What is being asked
Restate the listing below word for word; no picture is to be carried over.

Dataset extract
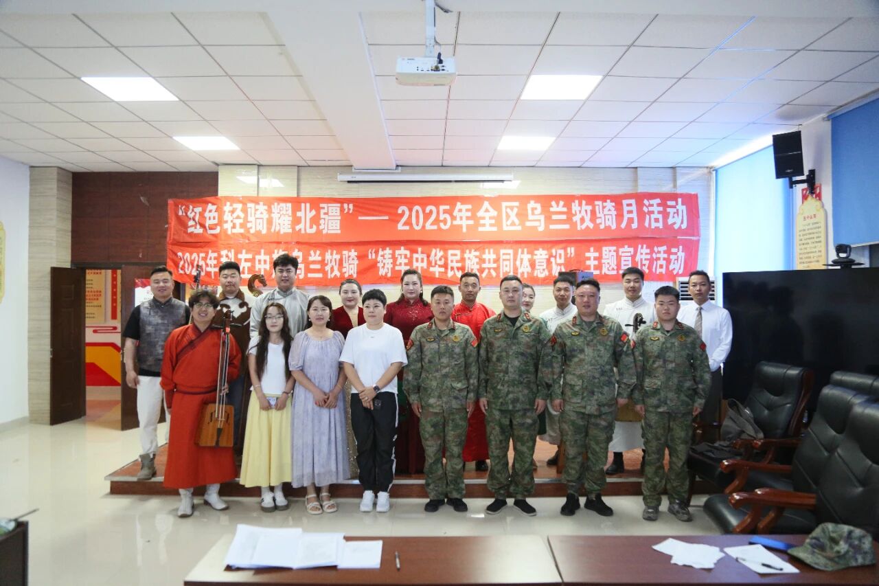 6月24日,科左中旗乌兰牧骑走进科尔沁社区,开展“红色轻骑耀北疆”——2025年全区乌兰牧骑月活动。深入贯彻落实习近平文化思想和习近平总书记给乌兰牧骑队员们的回信精神,以铸牢中华民族共同体意识为工作主线,推进北疆文化建设提升行动,落实自治区党委宣传部、自治区文化和旅游厅关于乌兰牧骑“学·创·演”工作部署。
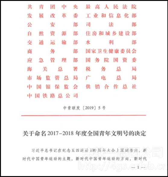 6月20日,根據《關于命名2017-2018年度全國青年文明號的決定》中青聯發[2019]5號,公司大瑞項目部青年突擊隊被命名為“2017-2018年度全國青年文明號”。
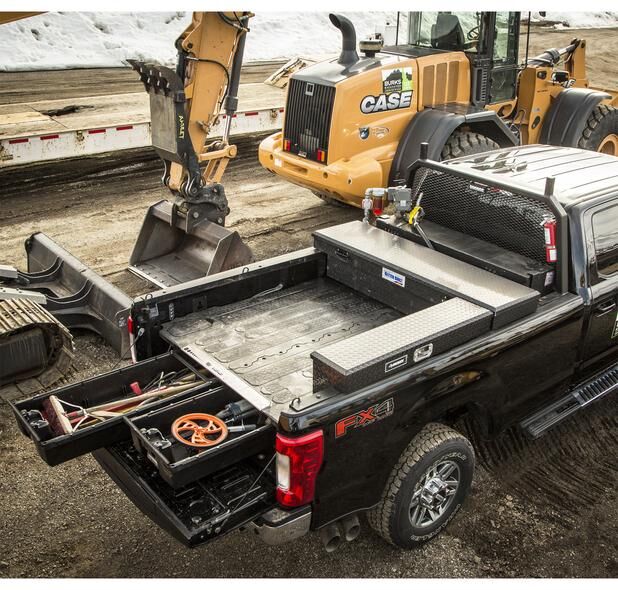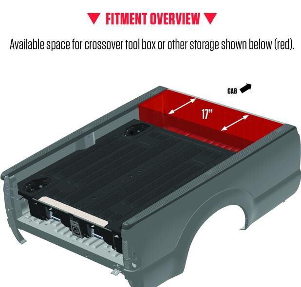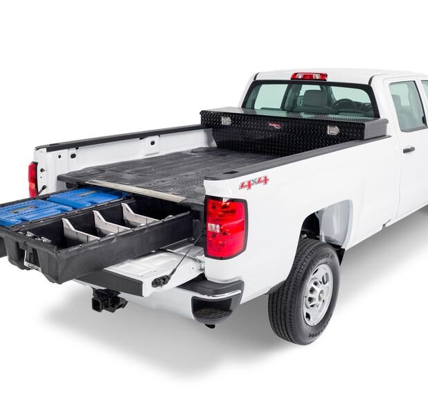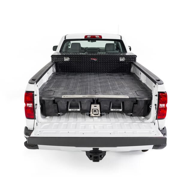 however, the system is not 8 foot long. It takes a standard bed DECKED system that is 75.25 inches long.You will have 17 inches of open space at the cabside end of your bed. A cross-over tool box or fuel transfer tank is commonly placed in this space.2019 Silverado 1500 Note: Since 2019 is a transition year for GMC, they produced a new and Old Body Style (really 2018 body style) for the 2019 Silverado 1500.Note: Because the standard DECKED system is 75.25 inches, there will be about 3.85 inches of empty space between the tailgate end of the DECKED system and the tailgate. DECKED drawers require 4 inches to be opened, but the first 5 1/2 inches of the drawer are taken up by the handle cavity and drawer taper. Thus, it is nearly impossible to remove anything from the drawers with the tailgate closed.Details:Truck Bed Organizer 19-Pres GM Sierra or Silverado 1500 8 FT DECKEDBuilt from 100 percent recycled HDPE (High Density Polyethylene) co-molded to a galvanized recycled steel subframeSystem payload rating: 2000 lbs evenly distributed on the deckDrawer payload rating: 200 lbs per drawerSystem weight: 200 lbs short bed systems, 220-230 lbs standard bed systemsTwo full bed-length drawers. Note: Drawers do not fully extend. Max drawer extension: 48 inches for reasons related to physicsDrawers are weatherproof. System itself is impervious to moisture, extreme UV light exposure and severe temperaturesOversized cast aluminum handles for ease of operation with glovesNo drilling or alteration of vehicle requiredFull line of accessories available to increase your level of awesomeWill work with a spray-in bed liner, but not a drop-in plastic bed linerWill work with a BedRug mat, but not with a Bed

Solved problem
 6月24日,科左中旗乌兰牧骑走进科尔沁社区,开展“红色轻骑耀北疆”——2025年全区乌兰牧骑月活动。深入贯彻落实习近平文化思想和习近平总书记给乌兰牧骑队员们的回信精神,以铸牢中华民族共同体意识为工作主线,推进北疆文化建设提升行动,落实自治区党委宣传部、自治区文化和旅游厅关于乌兰牧骑“学·创·演”工作部署。
 6月20日,根據《關于命名2017-2018年度全國青年文明號的決定》中青聯發[2019]5號,公司大瑞項目部青年突擊隊被命名為“2017-2018年度全國青年文明號”。
 however, the system is not 8 foot long. It takes a standard bed DECKED system that is 75.25 inches long.You will have 17 inches of open space at the cabside end of your bed. A cross-over tool box or fuel transfer tank is commonly placed in this space.2019 Silverado 1500 Note: Since 2019 is a transition year for GMC, they produced a new and Old Body Style (really 2018 body style) for the 2019 Silverado 1500.Note: Because the standard DECKED system is 75.25 inches, there will be about 3.85 inches of empty space between the tailgate end of the DECKED system and the tailgate. DECKED drawers require 4 inches to be opened, but the first 5 1/2 inches of the drawer are taken up by the handle cavity and drawer taper. Thus, it is nearly impossible to remove anything from the drawers with the tailgate closed.Details:Truck Bed Organizer 19-Pres GM Sierra or Silverado 1500 8 FT DECKEDBuilt from 100 percent recycled HDPE (High Density Polyethylene) co-molded to a galvanized recycled steel subframeSystem payload rating: 2000 lbs evenly distributed on the deckDrawer payload rating: 200 lbs per drawerSystem weight: 200 lbs short bed systems, 220-230 lbs standard bed systemsTwo full bed-length drawers. Note: Drawers do not fully extend. Max drawer extension: 48 inches for reasons related to physicsDrawers are weatherproof. System itself is impervious to moisture, extreme UV light exposure and severe temperaturesOversized cast aluminum handles for ease of operation with glovesNo drilling or alteration of vehicle requiredFull line of accessories available to increase your level of awesomeWill work with a spray-in bed liner, but not a drop-in plastic bed linerWill work with a BedRug mat, but not with a Bed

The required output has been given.